## [What to produce]
From the listing below, restate word for word the lines from the line containing "- Una opción" down through the line containing "ПерилаГлавСнаб - фото 2". Exclude pictures.

::: Provided records

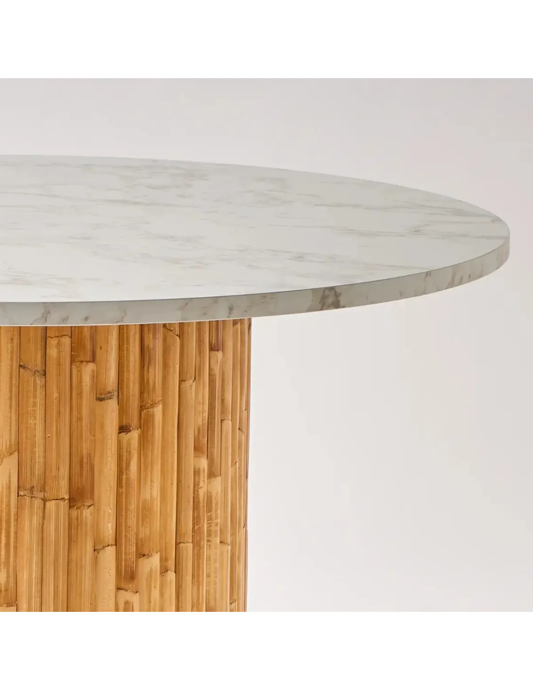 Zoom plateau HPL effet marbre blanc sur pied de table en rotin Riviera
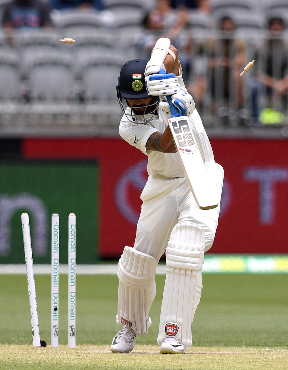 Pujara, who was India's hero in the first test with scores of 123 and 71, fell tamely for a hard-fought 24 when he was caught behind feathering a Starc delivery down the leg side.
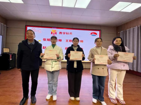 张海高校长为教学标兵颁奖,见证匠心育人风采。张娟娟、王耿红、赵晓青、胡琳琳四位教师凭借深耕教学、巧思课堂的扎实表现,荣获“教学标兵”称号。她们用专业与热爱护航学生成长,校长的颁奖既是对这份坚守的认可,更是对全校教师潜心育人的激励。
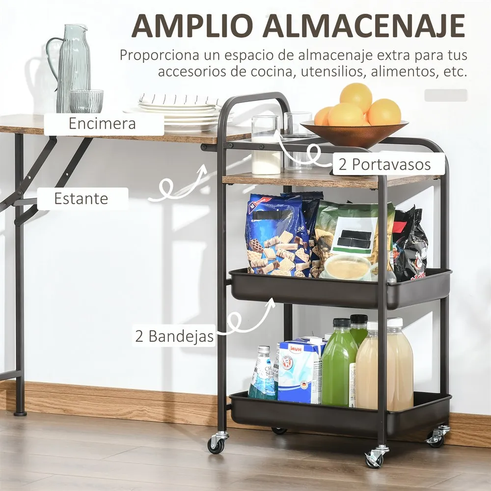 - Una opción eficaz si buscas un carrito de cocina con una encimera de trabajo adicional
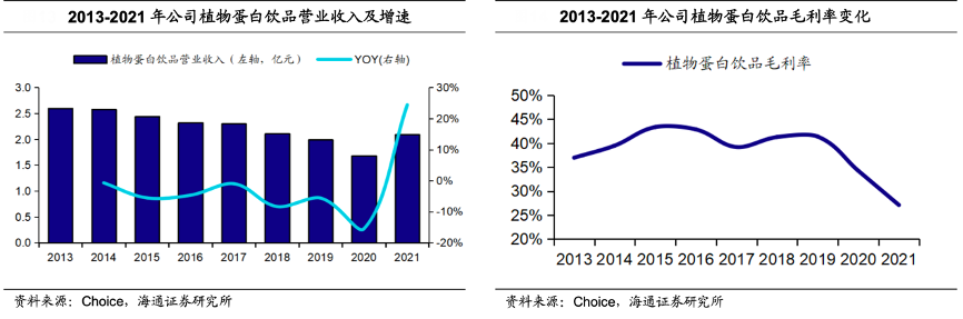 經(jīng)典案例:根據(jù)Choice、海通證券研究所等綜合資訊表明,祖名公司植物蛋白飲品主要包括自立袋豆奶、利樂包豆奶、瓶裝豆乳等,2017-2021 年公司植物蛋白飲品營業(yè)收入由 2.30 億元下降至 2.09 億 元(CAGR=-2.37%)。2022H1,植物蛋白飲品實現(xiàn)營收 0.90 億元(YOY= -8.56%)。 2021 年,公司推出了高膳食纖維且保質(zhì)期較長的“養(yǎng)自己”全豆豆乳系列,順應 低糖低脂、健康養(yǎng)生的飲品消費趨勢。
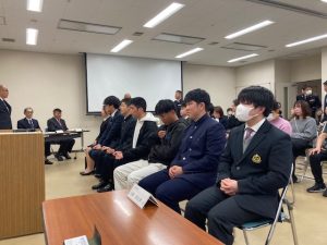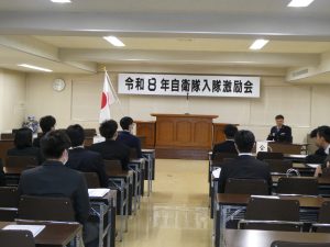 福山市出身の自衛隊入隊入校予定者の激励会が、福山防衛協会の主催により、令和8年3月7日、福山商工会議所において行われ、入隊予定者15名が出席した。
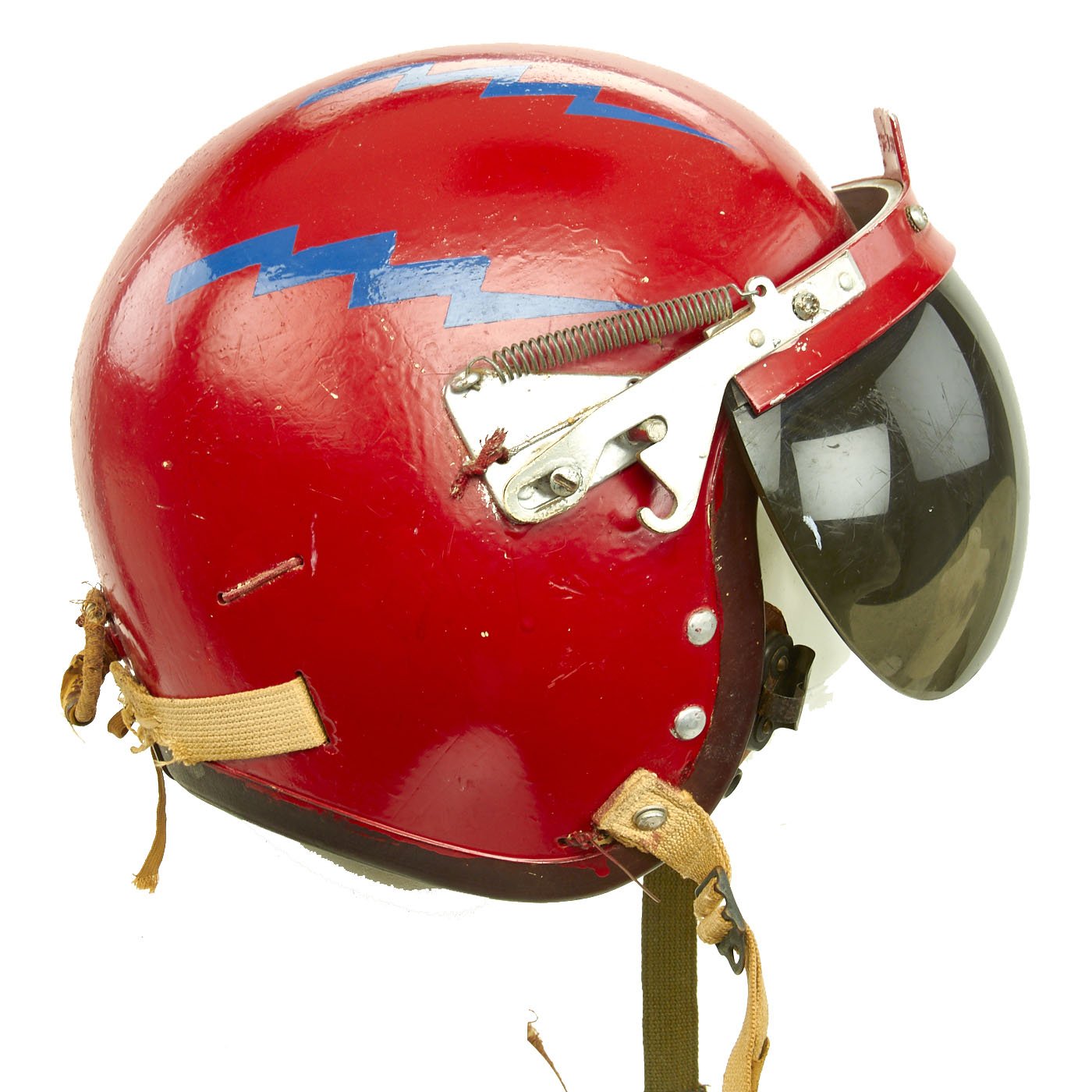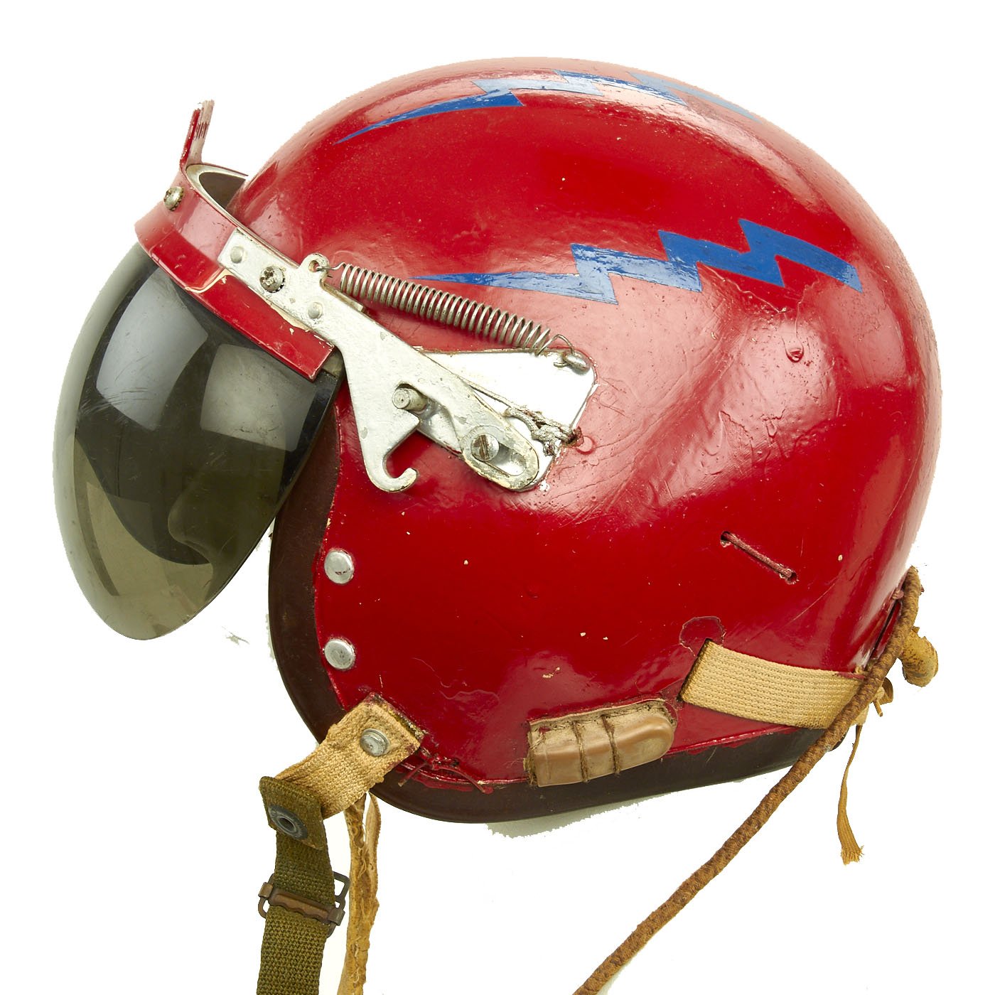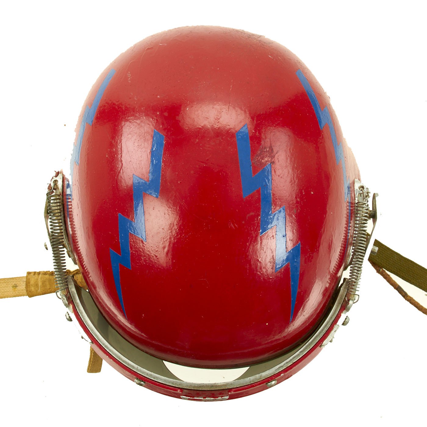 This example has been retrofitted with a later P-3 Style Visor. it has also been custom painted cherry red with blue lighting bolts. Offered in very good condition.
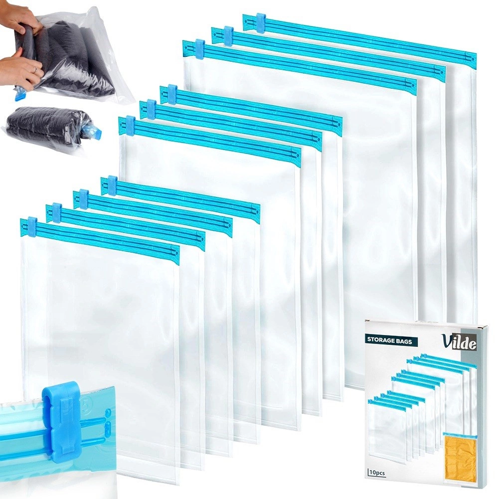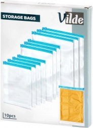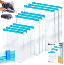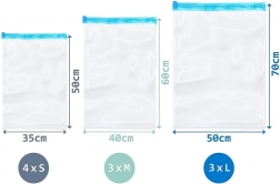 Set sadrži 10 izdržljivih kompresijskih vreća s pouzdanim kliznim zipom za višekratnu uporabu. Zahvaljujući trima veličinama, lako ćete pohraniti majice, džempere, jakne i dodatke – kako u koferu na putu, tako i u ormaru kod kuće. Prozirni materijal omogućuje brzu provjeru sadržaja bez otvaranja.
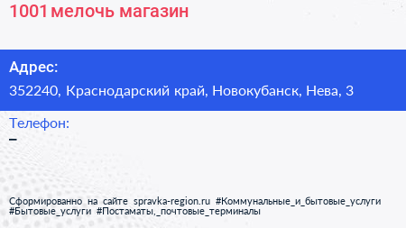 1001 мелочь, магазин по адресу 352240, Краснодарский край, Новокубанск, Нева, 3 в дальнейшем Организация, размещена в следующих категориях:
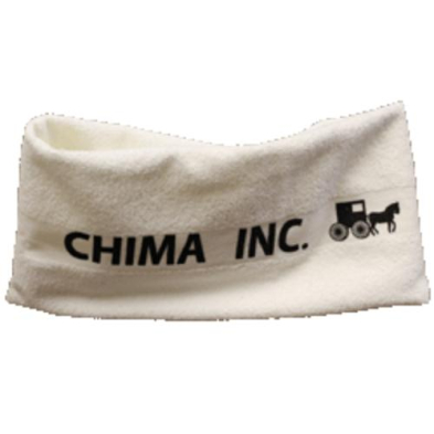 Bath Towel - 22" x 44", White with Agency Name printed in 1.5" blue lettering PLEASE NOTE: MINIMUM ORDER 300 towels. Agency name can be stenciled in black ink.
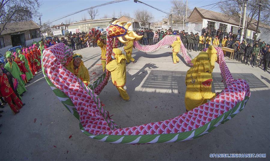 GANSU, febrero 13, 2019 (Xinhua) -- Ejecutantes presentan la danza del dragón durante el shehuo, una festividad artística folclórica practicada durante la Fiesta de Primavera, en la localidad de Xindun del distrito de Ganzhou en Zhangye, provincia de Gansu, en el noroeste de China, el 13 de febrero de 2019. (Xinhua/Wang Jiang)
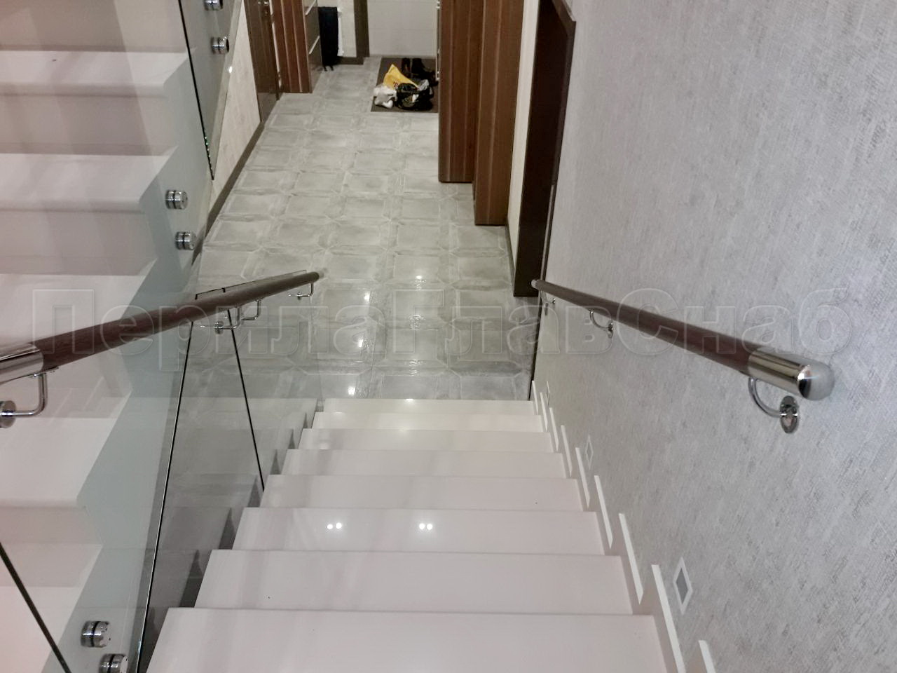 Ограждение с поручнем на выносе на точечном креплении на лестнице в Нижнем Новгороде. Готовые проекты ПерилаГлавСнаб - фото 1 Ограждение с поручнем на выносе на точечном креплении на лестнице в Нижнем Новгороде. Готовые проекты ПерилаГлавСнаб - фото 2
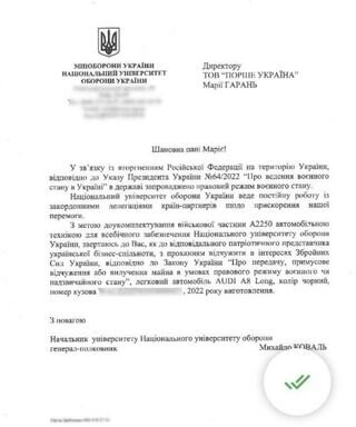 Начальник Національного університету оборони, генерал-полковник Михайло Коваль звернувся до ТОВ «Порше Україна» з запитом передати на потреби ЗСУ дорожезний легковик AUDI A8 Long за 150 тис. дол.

::::::

## [Your response]
 - Una opción eficaz si buscas un carrito de cocina con una encimera de trabajo adicional
 經(jīng)典案例:根據(jù)Choice、海通證券研究所等綜合資訊表明,祖名公司植物蛋白飲品主要包括自立袋豆奶、利樂包豆奶、瓶裝豆乳等,2017-2021 年公司植物蛋白飲品營業(yè)收入由 2.30 億元下降至 2.09 億 元(CAGR=-2.37%)。2022H1,植物蛋白飲品實現(xiàn)營收 0.90 億元(YOY= -8.56%)。 2021 年,公司推出了高膳食纖維且保質(zhì)期較長的“養(yǎng)自己”全豆豆乳系列,順應 低糖低脂、健康養(yǎng)生的飲品消費趨勢。
 福山市出身の自衛隊入隊入校予定者の激励会が、福山防衛協会の主催により、令和8年3月7日、福山商工会議所において行われ、入隊予定者15名が出席した。
 This example has been retrofitted with a later P-3 Style Visor. it has also been custom painted cherry red with blue lighting bolts. Offered in very good condition.
 Set sadrži 10 izdržljivih kompresijskih vreća s pouzdanim kliznim zipom za višekratnu uporabu. Zahvaljujući trima veličinama, lako ćete pohraniti majice, džempere, jakne i dodatke – kako u koferu na putu, tako i u ormaru kod kuće. Prozirni materijal omogućuje brzu provjeru sadržaja bez otvaranja.
 1001 мелочь, магазин по адресу 352240, Краснодарский край, Новокубанск, Нева, 3 в дальнейшем Организация, размещена в следующих категориях:
 Bath Towel - 22" x 44", White with Agency Name printed in 1.5" blue lettering PLEASE NOTE: MINIMUM ORDER 300 towels. Agency name can be stenciled in black ink.
 GANSU, febrero 13, 2019 (Xinhua) -- Ejecutantes presentan la danza del dragón durante el shehuo, una festividad artística folclórica practicada durante la Fiesta de Primavera, en la localidad de Xindun del distrito de Ganzhou en Zhangye, provincia de Gansu, en el noroeste de China, el 13 de febrero de 2019. (Xinhua/Wang Jiang)
 Ограждение с поручнем на выносе на точечном креплении на лестнице в Нижнем Новгороде. Готовые проекты ПерилаГлавСнаб - фото 1 Ограждение с поручнем на выносе на точечном креплении на лестнице в Нижнем Новгороде. Готовые проекты ПерилаГлавСнаб - фото 2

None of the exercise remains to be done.